Does anyone have any Christmas movie recommendations and also I'm wondering if you had a top 5 or top 10 Christmas movie list?

This year I've had a bizarre fascination with bad Christmas movies, but I LOVE Christmas movies, especially ones done well.  These are necessarily my 10 Favourite (Home Alone could be in here, for instance, and I left off the various Shane Black action flicks set at Christmas that aren't really about Christmas (Lethal Weapon and Long Kiss Goodnight), but here's 10 worth watching.

 

10. Krampus: It's stupid, it's silly, it's a nice change of pace of the usual holiday fare.  It's a holiday horror flick with Krampus coming after a family who has forgotten the holiday spirit.  The little demon-things are actually quite terrifying and there's lots of fun actors involved (Adam Scott, David Koechner, Toni Collette)

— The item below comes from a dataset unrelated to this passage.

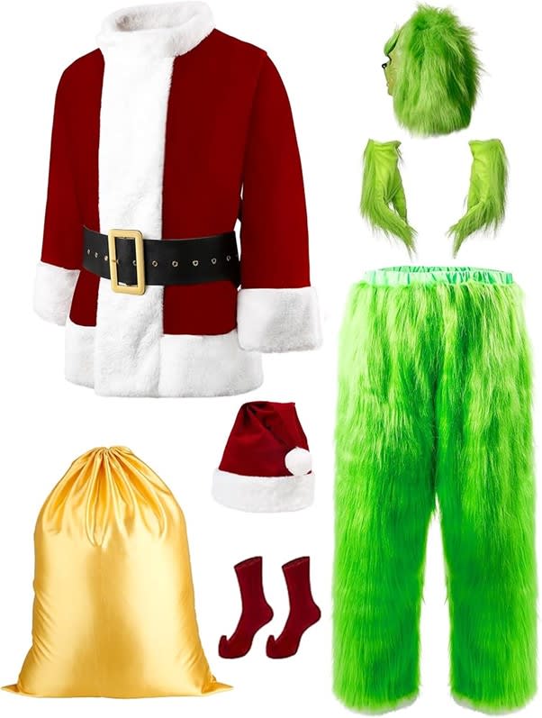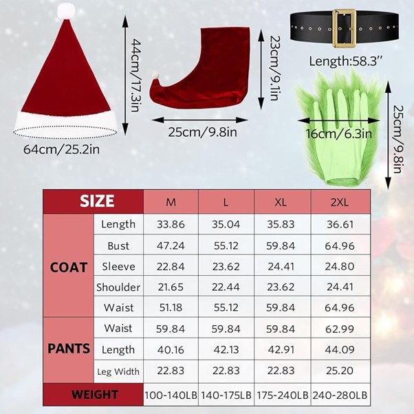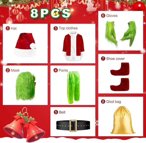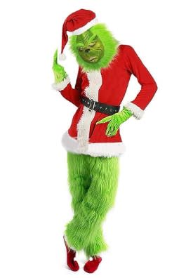 Embrace the character of the Grinch with our all-inclusive costume set. From the furry green gloves to the iconic red Santa hat, every detail has been meticulously designed to replicate the beloved holiday figure. Get ready to have some fun and spread a different kind of Christmas cheer with this standout outfit.

09. Merry Friggin' Christmas: It's not a world-beater, but I'd say it's one of the better Christmas films of the last few years.  Joel McHale plays a dad traumatized by his dad's treatment as a child, forced to spend Christmas with him again now with his whole family.  It was one of Robin Williams' last roles and was re-cut after his death (Presumably to add more of him), but there's lots of quality supporting cast (Lauren Graham, Candice Bergen, Clark Duke, Tim Heidecker, Wendy McLendon-Covey) who aren't give a ton to do but prop it up here and there.  The title is totally wrong in that it conveys a snark and cynicism about the holidays that isn't really present in the film.

08. Just Friends: Ryan Reynolds plays a former fat kid who accidentally returns to his home town, determined to show off and win back the girl with whom he was "just friends" in high school, while babysitting a reality TV star/pop singer played by Anna Faris.  Reynolds is his usually wonderfully sarcastic self while Faris steals the flick with her demented pop star.  Bonus points if you're Canadian, you can play spot the 'Corner Gas' stars amidst the supporting cast (I counted three, but there might more).

07. Bad Santa: Everyone knows this one, right?  I haven't seen the sequel but from the sounds of it the thing it gets wrong is the transformation.  Willie is still a prick by the end of the film, but he has been softened somewhat by Thurman's presence, so that when the ending comes up, it doesn't feel sappy for sap's sake, rather a proper finish to the story.

06. A Christmas Tale: I disliked this the first time I saw it, but it has slowly won me over.  A French film in which a family gets back together for the holidays with the children now grown with families of their own.  The mother is in need of transplant, and the only one who fits the bill is the black sheep of the family who has been banned from all family events by his playwright sister.  It's sad, funny, touching, frustrating, all the good things that come with family.

05. A Holiday Affair: My favourite TCM discovery is this little Christmas flick in which widow Janet Leigh, accidentally gets shop clerk Robert Mitchum fired and keeps crossing paths with him over the Christmas season, much to the delight of her son, and consternation of her longtime beau. I'm not usually much for cute kids, but man Gordon Gebert is incredibly cute and funny in this one as Leigh's son.  Plus, it's fun seeing Mitchum play family-friendly.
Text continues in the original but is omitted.